Despite these loose ends, by the time of the 1917 American Philosophical Society meeting, the island-universe theory was rousing from its slumber. Heber Curtis had begun to publish his findings on the spiral nebulae in the major journals, and his cogent arguments in support of distant galaxies were already convincing the top astronomers who counted, such luminaries as Eddington at Cambridge University, in England, Campbell at Lick, and Hertzsprung, then at the Potsdam Observatory, in Germany. The swift velocities that Slipher was finding only strengthened the idea that the spirals were indeed situated far beyond the Milky Way's borders. But success could not be fully grasped until astronomers figured out a method for determining how far away Andromeda and its sister spirals truly were. Nothing could ever be settled in this ongoing debate until someone determined the distances to these exasperating nebulae, in a way that every astronomer had confidence.

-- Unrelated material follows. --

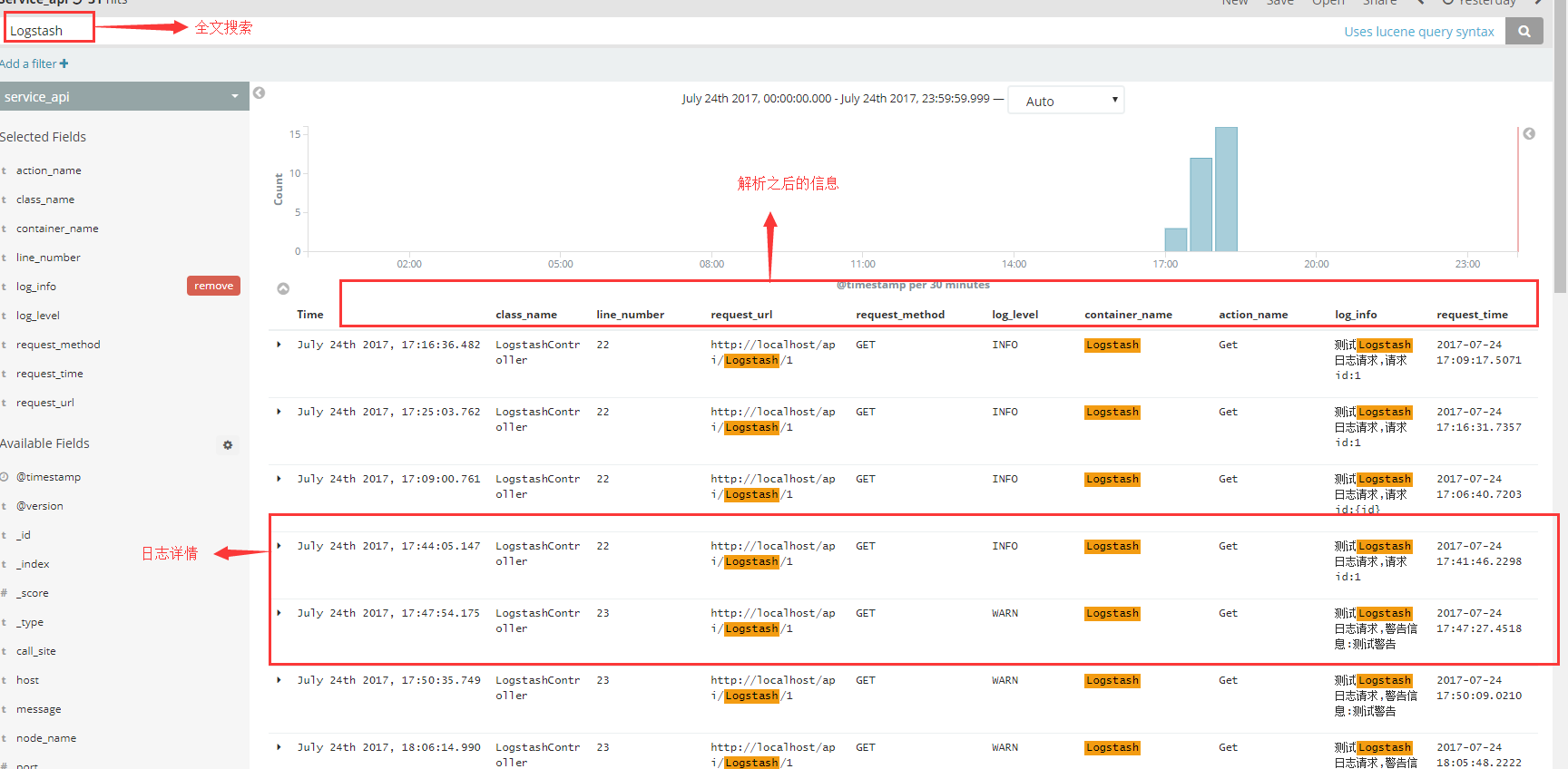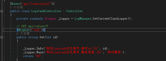 下面是本文介绍的重点内容了,通过Nlog记录日志,将消息发送到logstash,logstash将转换后的消息存储到elasticsearch,并供在kibana中查询使用。

What Slipher and Curtis did not yet know was that a novel way to carry out such a celestial measurement had been budding even as they were beginning their researches on the spiral nebulae. It involved a gifted woman with a keen eye, who came upon some intriguing stars while examining photos of an alluring feature in the southern nighttime sky.

It Is Worthy of Notice

F
irst-time travelers to the southern hemisphere might mistake the clouds for high cirrus formations, somehow made luminous in the dark of night. Ancient Persians called the biggest one Al Bakr, or the White Ox. Europeans were introduced to the “two clouds of mist” from accounts of the first circumnavigation of the globe by Ferdinand Magellan and his crew in the early sixteenth century. And so the hazy pair came to be named in honor of the Portuguese-born explorer. The Large and Small Magellanic Clouds are each a chaotic collection of stars, richly diffused with glowing gas.

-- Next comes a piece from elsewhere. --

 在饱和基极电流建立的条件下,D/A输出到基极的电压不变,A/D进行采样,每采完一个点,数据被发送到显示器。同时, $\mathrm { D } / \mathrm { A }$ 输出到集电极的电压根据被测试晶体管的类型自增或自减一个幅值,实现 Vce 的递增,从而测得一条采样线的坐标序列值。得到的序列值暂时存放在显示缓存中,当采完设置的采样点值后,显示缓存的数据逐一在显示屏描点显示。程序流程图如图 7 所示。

Such novel and fascinating sights were a compelling reason for European and American astronomers to set up observatories in the southern hemisphere. The Harvard College Observatory did just that in the 1890s, when it established a southern station in the highlands of Peru, just above the town of Arequipa. Before this, for more than a decade, Harvard had been carrying out a formidable task: to catalog every star in the northern sky and accurately gauge its color and brightness. Presented with a sizable endowment for a program in spectroscopy, observatory director Edward C. Pickering resolved to photograph and classify the spectra of all the bright stars as well. The Peruvian observatory allowed Harvard to extend the reach and sweep of this endeavor to the southern sky. By doing this, Pickering was helping astronomy move beyond just tracking the motions of stars across the sky to figuring out their basic properties. Though tedious and wearying, such astronomical surveys can often reveal a few surprises along the way. The Harvard survey was no exception, but it took many photographs to get there.

The Small and Large Magellanic Clouds (top left, bottom left) as seen from
Cerro-Tololo Inter-American Observatory, in Chile. The Milky Way
is on the right.
(Roger Smith/NOAO/AURA/NSF/WIYN)

With the huge number of photographic plates of the northern and southern skies stacking up at the observatory on Garden Street in Cambridge, Massachusetts, Pickering shrewdly recognized the value of smart young women yearning to make contributions in an era that generally denied them full access to scientific institutions. Here was a ready workforce, he noted in one annual observatory report, entirely “capable of doing as much and as good routine work as astronomers who would receive much larger salaries. Three or four times as many assistants can thus be employed, and the work done correspondingly increased for a given expenditure.”